Norman Bailey, wool sorter, 37 Vicarage Road, Windhill, said that on Friday he was working on the top of a bale. He had just rolled a bale down and was waiting for Tyas to remove it away. He noticed that the top bale at the side was moving, and he shouted, “Look out.” Deceased was bent over to roll the bale away. The falling bale struck deceased on the back of the neck and the deceased had not time to get out of the way.

Replying to the Coroner, witness said they were removing the bales in the way in which it was customary to move them.

Arthur Lambert, the first aid room attendant, 72 Victoria Road, Saltaire, said that about 10.45 a.m. on Friday he was called to see the deceased in the wool warehouse, and he found him lying dead on a “scray.”
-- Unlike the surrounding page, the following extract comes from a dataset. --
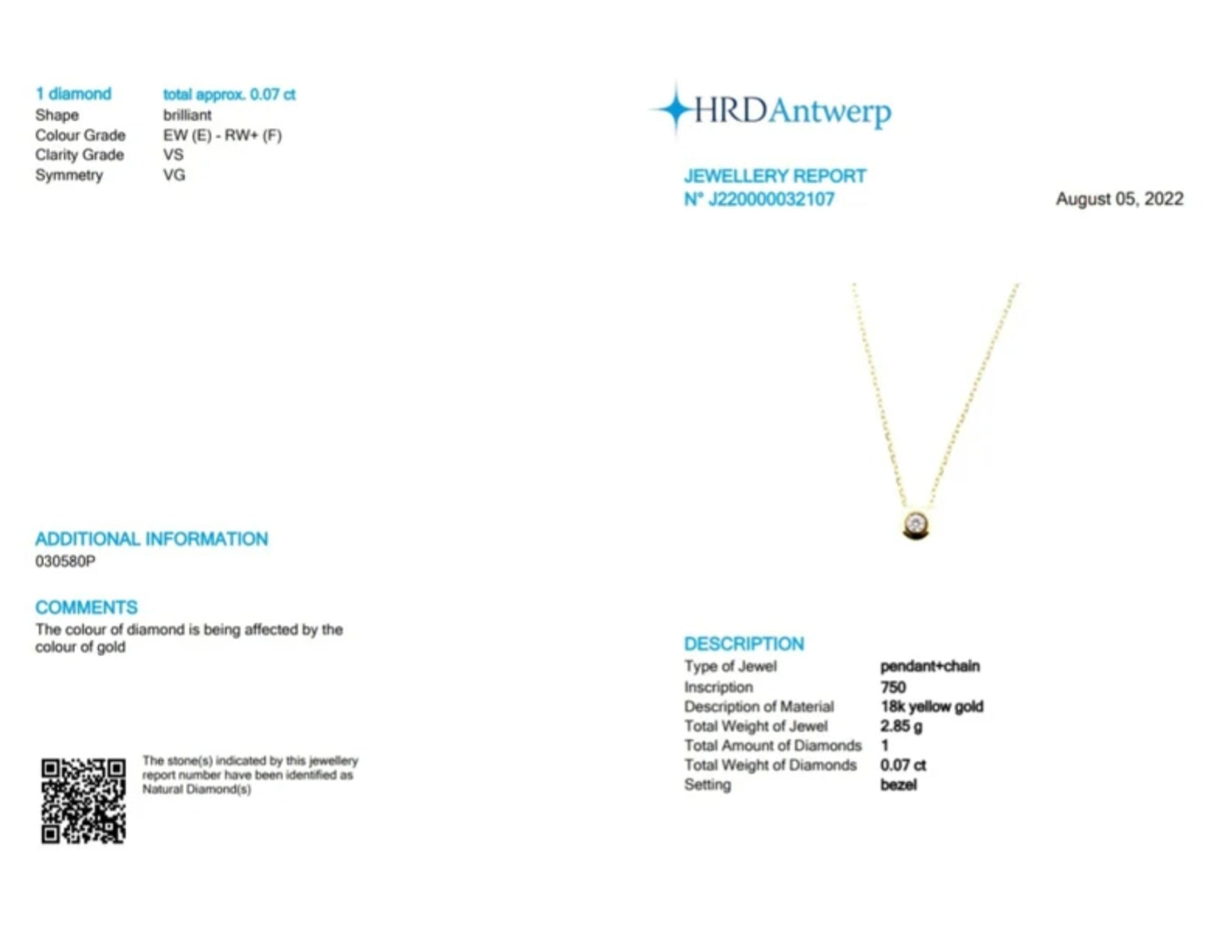 Gioiello collana punto luce a cipollina piccola interamente realizzata in Italia, corredata da scatola e certificato di autenticità riportante documentazione fotografica del gioiello e le caratteristiche dell'oro e del diamante

Police Constable Rushworth said that he accompanied the ambulance to Saltaire Mills on Friday, and had the body removed to the mortuary. Witness said he made an inspection of the wool warehouse and subsequently prepared a sketch plan (produced).

A verdict of “accidental death” was returned.

On behalf of the directors and the employees Mr. Phillips expressed regret with the widow and added that after successfully surmounting the danger of six years war, it was unfortunate that after twelve days of restarting work he should come to such an untimely end.